# Yamaha ATV dealers



## jeardley (Jun 5, 2017)

I plan on buying a new 4-wheeler before hunting season gets started and wanted to see if yall had anywhere to recommend. I'm settled on going with a Yamaha and the ma & pop dealership I bought my first four wheeler from years ago is no longer around. I live in NW GA and don't mind traveling a couple hours to a reputable dealer. Thanks for any input.


----------



## 660griz (Jun 5, 2017)

The best I have used so far. 
Abernathy's in Tennessee. Saved me about $3000 on a new Yamaha SxS.

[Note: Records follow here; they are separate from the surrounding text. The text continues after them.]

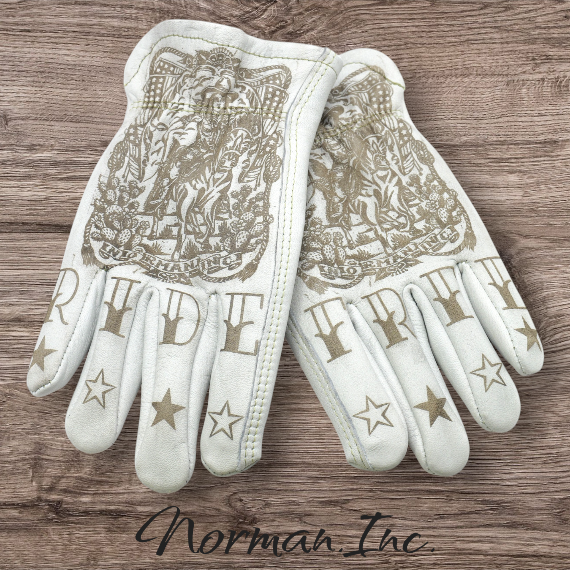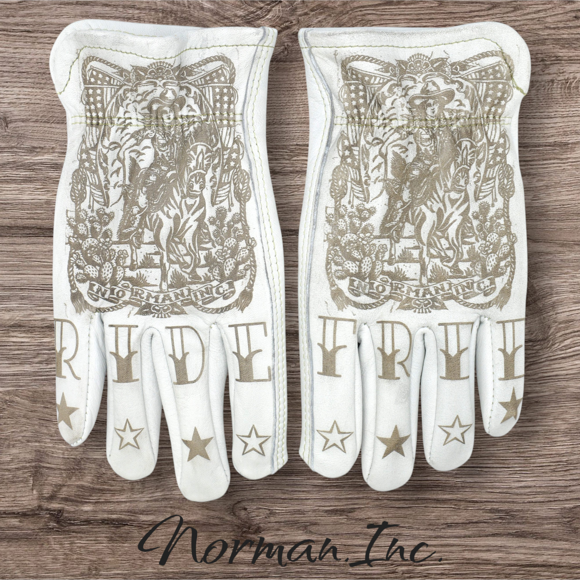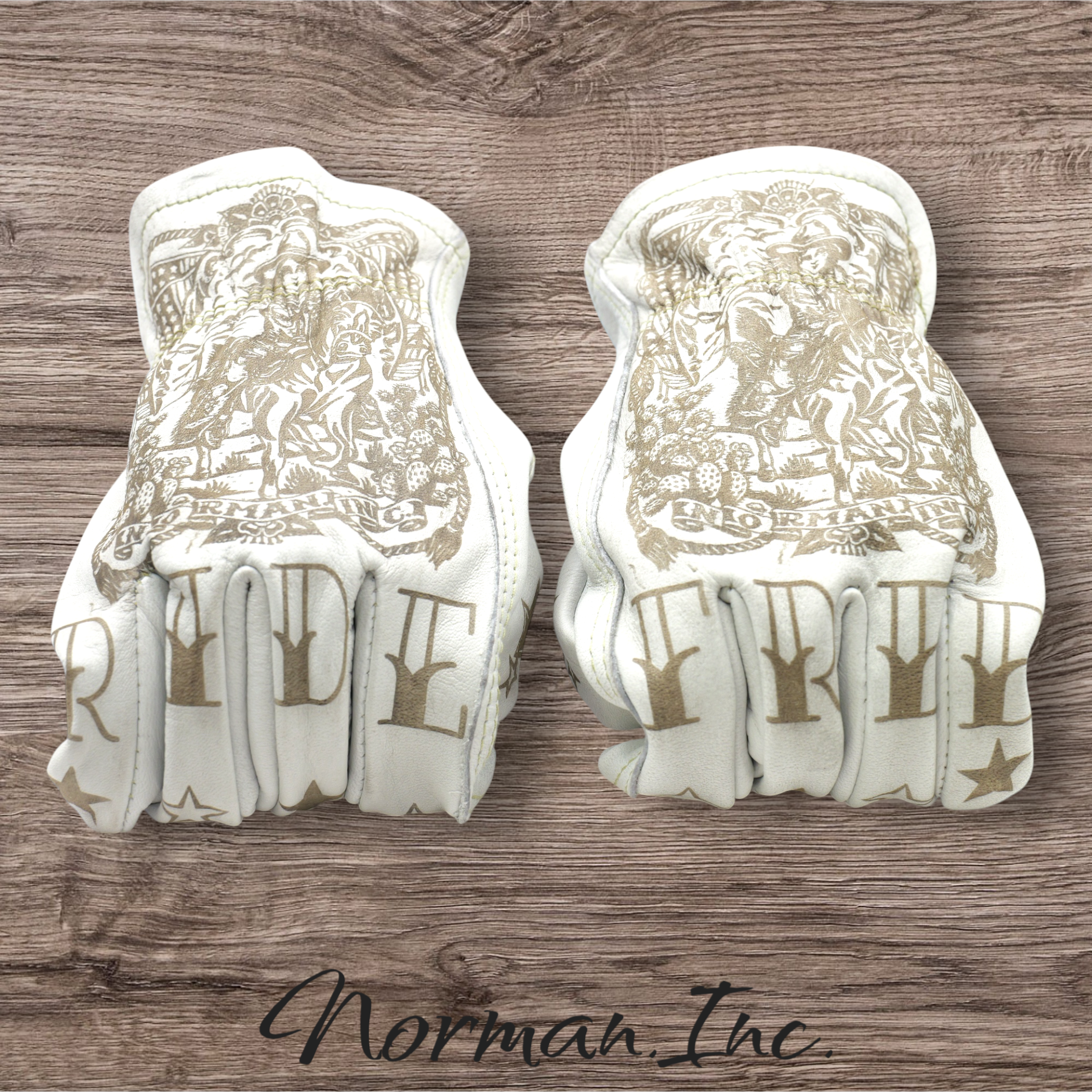 牛革 レザーグローブ ホワイト 白 アメリカン バイク ハーレー カスタム タトゥー 手袋 ツーリング M,L,XLサイズ
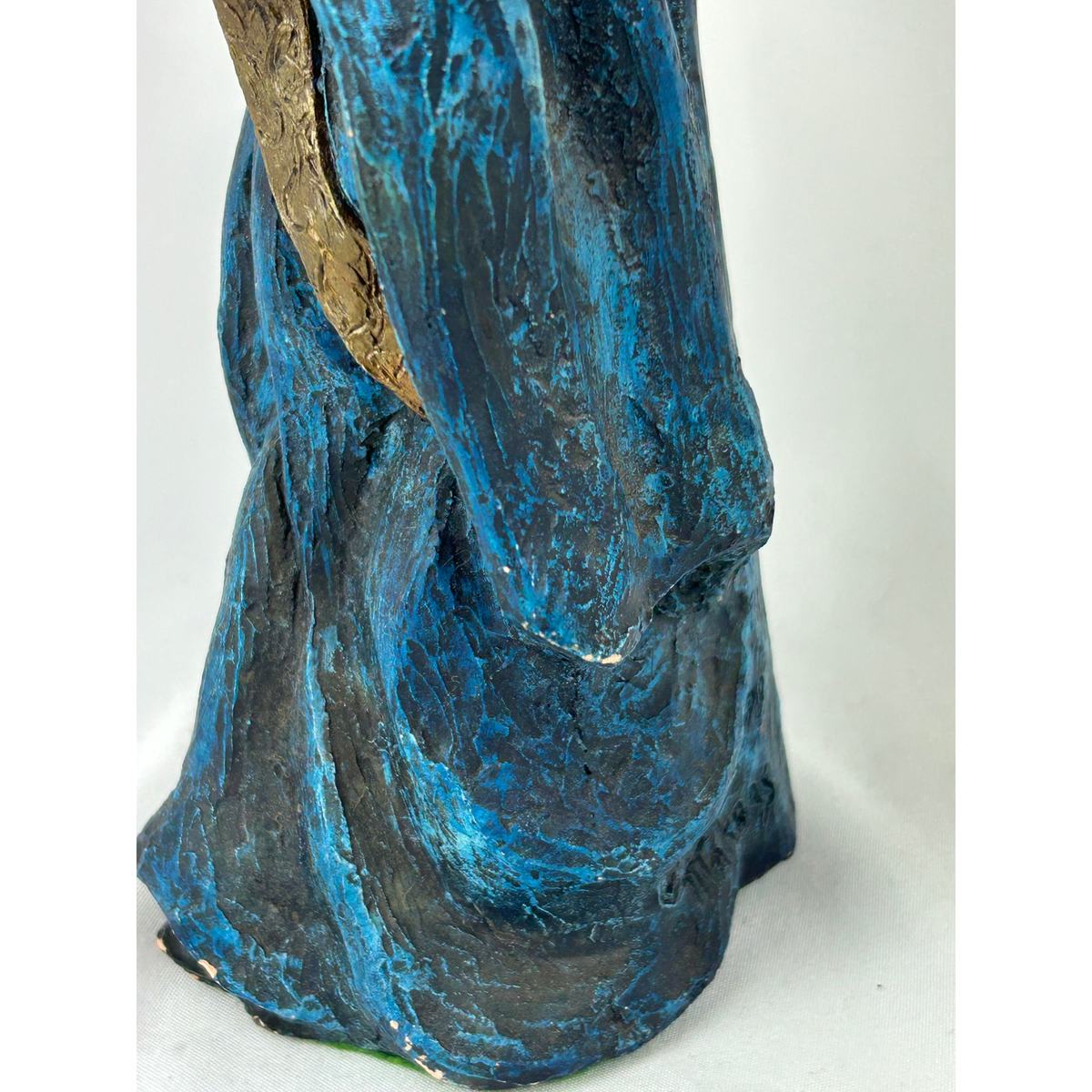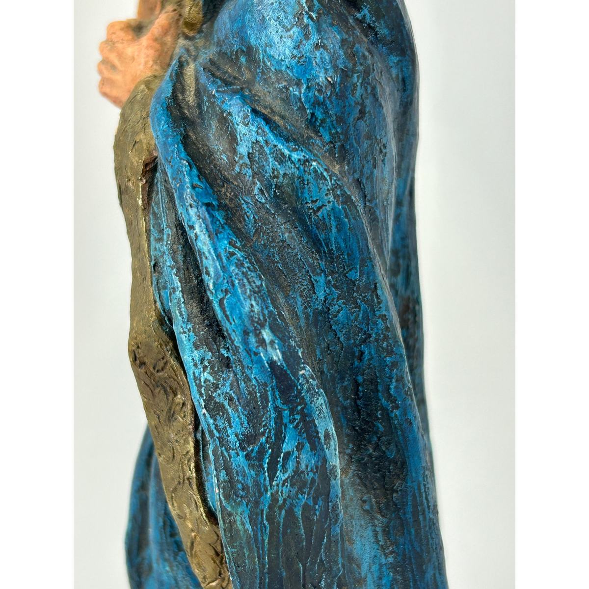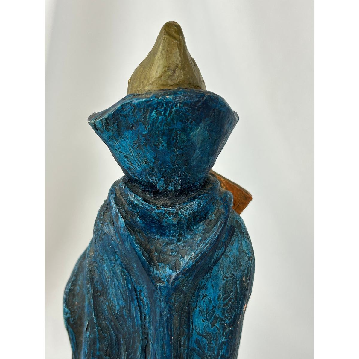 This striking 1979 sculpture of Saruman was handcrafted and signed by fantasy artist Mike Makras, one of the few independent craftsmen producing richly textured character figures during the late 1970s. The piece stands in a sweeping cobalt-blue robe, its folds carved with dramatic movement and depth. Saruman is portrayed in a moment of guarded contemplation, clutching an ornate spellbook to his chest while his arched brows and long white beard give him a commanding, almost watchful presence.
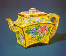 The body of this piece is square, with broad sloping shoulders and smaller base and cover. A peony decor in polychrome enamels is set against a yellow background. On the base in red regular script is inscribed the K'ang-hsi reign-mark.
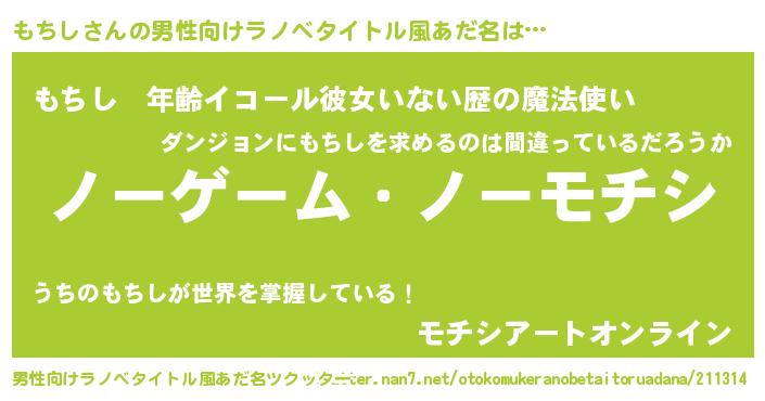 | ヘコむあだ名 | 『もちもー』『もちお』『酢こんぶ』 |
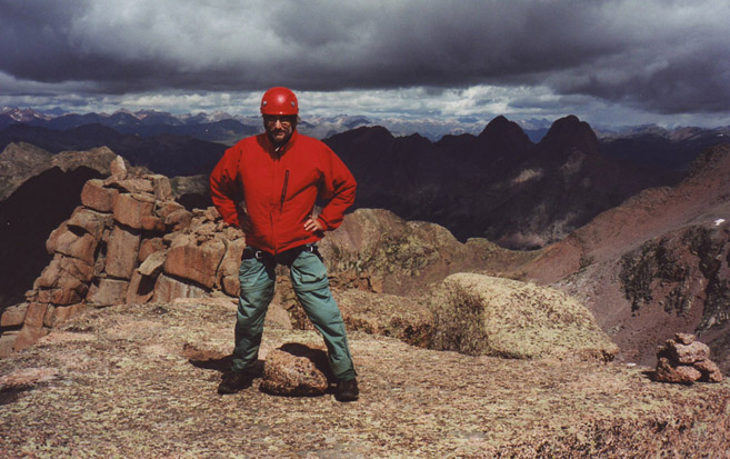 Threatening weather on top. The two prominent peaks to the right in the background are Arrow and Vestal.
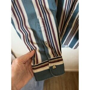 VTG Loafers Reed & James Striped Button Up Shirt Blue Green Red Long Sleeve XL
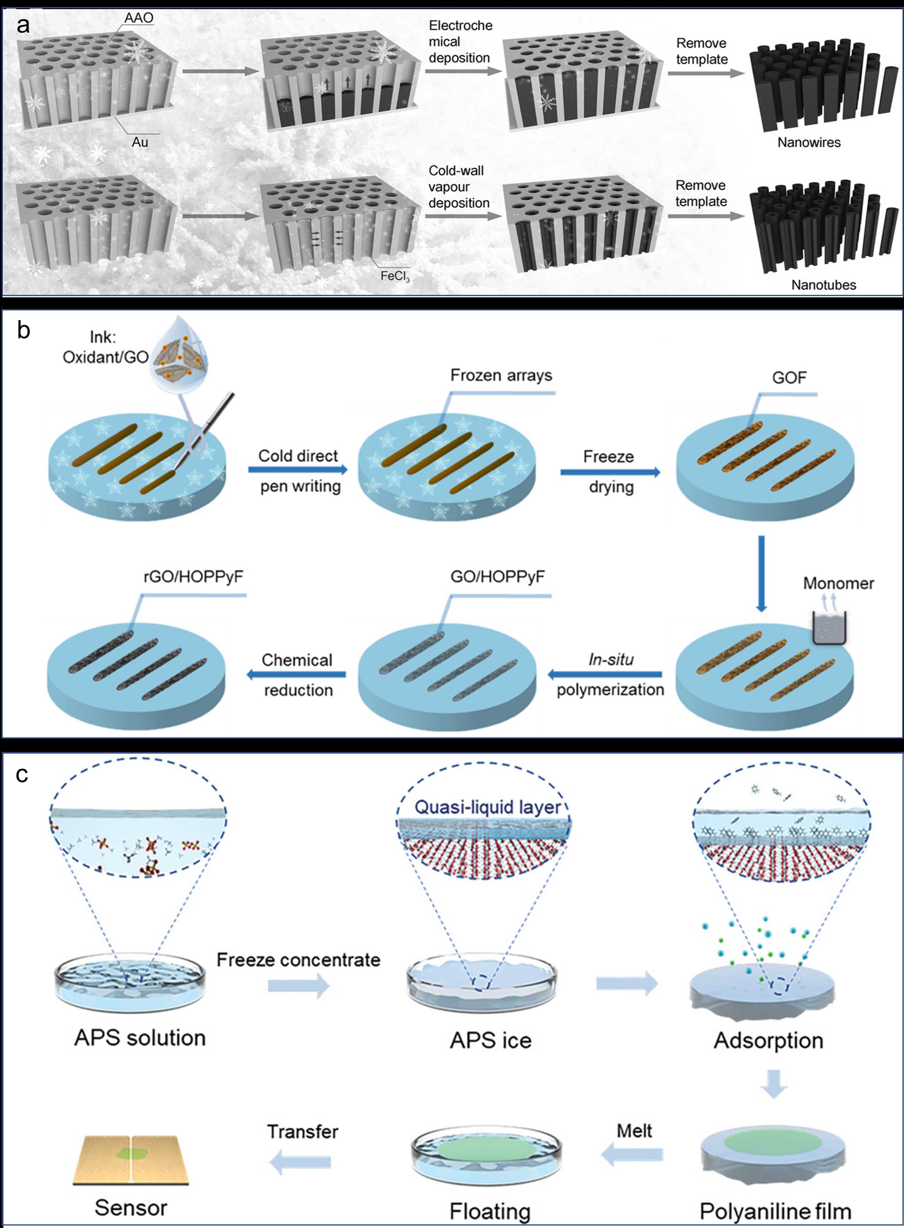 在這一背景下,中國科學(xué)院理化技術(shù)研究所薛面起研究員團(tuán)隊,圍繞共軛高分子(尤其是傳統(tǒng)導(dǎo)電高分子)的鏈有序化,開展從方法開發(fā)、機(jī)理認(rèn)識、物性調(diào)控到應(yīng)用探索的系列研究,為導(dǎo)電高分子材料領(lǐng)域提供重要支撐與理論依據(jù)。針對分子鏈有序性難精準(zhǔn)調(diào)控的核心難題,團(tuán)隊提出并完善了納米限域聚合、外延聚合和界面聚合等多元策略,實現(xiàn)了導(dǎo)電高分子的結(jié)構(gòu)有序性與器件性能的顯著提升。
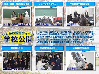 10月31日(土)から11月6日(金)のいしかわ教育ウィークに合わせて、学校公開を行いました。また、10月31日には、保護者や地域のみなさまに本校の「特色ある取り組み」を紹介するため、様々な企画を催しました。

D&H Cycle in Cullman, AL. Saved me thousands on a new Yamaha FJR but, they do sell ATVs.


----------



## jeardley (Jun 5, 2017)

Thanks griz, I'll check them out.


----------



## transfixer (Jun 5, 2017)

Unless you have your heart set on a new one,  there are deals to be found on CL from time to time, especially this time of year.  The new ones are getting a might bit too complicated and technical for my liking, all the electronics and improvements usually translate in to more things to tear up, and more cost to fix.


----------



## jeardley (Jun 6, 2017)

I'm set on a new one, paying off the wife's car next month so it my turn for a new toy. I want the base model Yamaha Kodiak for the reasons you mentioned. It doesn't come with all the extra electronics that I don't have a use for.


----------



## 660griz (Jun 6, 2017)

jeardley said:


> I'm set on a new one, paying off the wife's car next month so it my turn for a new toy. I want the base model Yamaha Kodiak for the reasons you mentioned. It doesn't come with all the extra electronics that I don't have a use for.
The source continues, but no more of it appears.